This repository contains the pipeline, datasets and scripts used in the following paper:
- Y. Tabatabaee, S. Claramunt, S. Mirarab (2026). Coalescent-based branch length estimation improves dating of species trees. Systematic Biology, syag038. https://doi.org/10.1093/sysbio/syag038
For experiments in this study, we generated three sets of simulated datasets with gene tree discordance due to incomplete lineage sorting (ILS) and analyzed two avian biological datasets from Harvey et. al. (2020) and Stiller et. al. (2024).

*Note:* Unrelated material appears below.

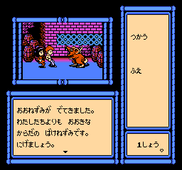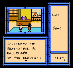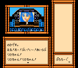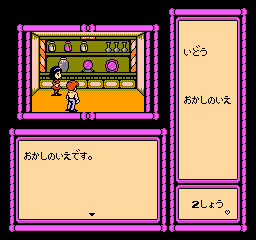 This FDS adventure game, translated as “Risa’s Fairy Legend”, stars idol Risa Tachibana, who was a famous pop singer and actress in the late 80s. You play as yourself, a huge fan of Ms. Tachibana’s, attending one of her concerts. All of a sudden, the two of you are transported to a fantasy dimension. You now must explore the world so you can find the Harp of Peace, the Sword of Justice, and Gem of Love, all in order to defeat the evil Witch of Darkness, Delira and return home. Along the way, you’ll run into situations and meet characters from assorted fairy tales and myths, like the Matchstick Girl, The Honest Woodsman, Hansel and Gretel, Tarou Urashima, Medusa, The Little Mermaid, Cinderella, and others. The game also shares the name of a song released a few months prior. Oddly, this uses a blue disk card, but doesn’t use the fax system.

The simulated datasets have model species trees with substitution-unit, generation-unit, and time-unit branch lengths. All datasets can be accessed from Dryad https://doi.org/10.5061/dryad.hmgqnk9xv.
We provide an end-to-end pipeline for coalescent-aware divergence time estimation from gene trees. The pipeline has the following steps:
- Infers a species tree topology using ASTRAL/ASTER.
- Estimates coalescent-aware branch lengths using CASTLES-Pro.
- Converts substitution-unit branch lengths into time units using an ML-based dating method.
To run the dating pipeline, follow these commands.
git clone https://github.com/ytabatabaee/coalescent-based-dating.git
cd coalescent-based-dating
conda create -n cbdating python=3.10
conda activate cbdating
conda install -c bioconda astral-tree newick_utilsIn addition, you need to install the ML-based dating methods you plan to use. The pipeline currently supports TreePL, MD-Cat, wLogDate, and LSD2. To suggest additional dating methods, please submit an issue.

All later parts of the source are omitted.